Oferecendo-se ao Pai em novo e verdadeiro sacrifício de reconciliação, ele foi crucificado não no templo, cuja dignidade já tinha chegado ao fim, nem no recinto da cidade, a qual, em punição de seu crime, ia ser destruída, mas fora, fora do acampamento, para que, terminado o mistério das vítimas antigas, fosse colocada uma nova vítima em novo altar, e a cruz de Cristo fosse esse altar, não mais do templo, mas do mundo.

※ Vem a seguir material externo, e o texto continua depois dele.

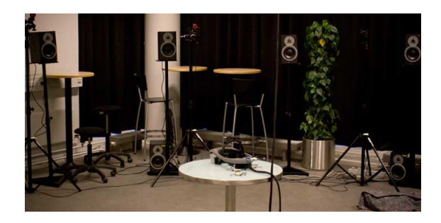
Figure 2 . The Multisensory Experience lab at Aalborg University in Copenhagen

The experiment has been carried out in the Multisensory Experience Lab of the Sound and Music Computing group of Aalborg University in Copenhagen, see fig. 2.

6. Compreender o sentido da cruz
Eis, pois, caríssimos, Cristo exaltado pela cruz. O olhar de nossa alma não deve impressionar-se somente com o aspecto exterior que se apresentava aos olhos dos ímpios, daqueles aos quais Moisés tinha dito:
"Tua vida penderá à tua frente por um fio; ficarás apavorado noite e dia, e não acreditarás mais na vida". Com efeito, aqueles homens não puderam ver no Senhor crucificado outra coisa senão seu crime e, se tinham algum temor, não era aquele pelo qual a fé verdadeira é justificada, mas aquele que atormenta a má consciência. Quanto a nós, esforcemo-nos para que a nossa inteligência, iluminada pelo Espírito da verdade, receba, com coração puro e livre, a glória da cruz, a qual se irradia para o céu e a terra; que seu olhar interior contemple o sentido destas palavras do Senhor, referentes à iminência da paixão:
"É chegada a hora em que será glorificado o Filho do Homem"; e: "Minha alma está agora conturbada. Que direi? Pai, salva-me desta hora. Mas foi precisamente para esta hora que eu vim.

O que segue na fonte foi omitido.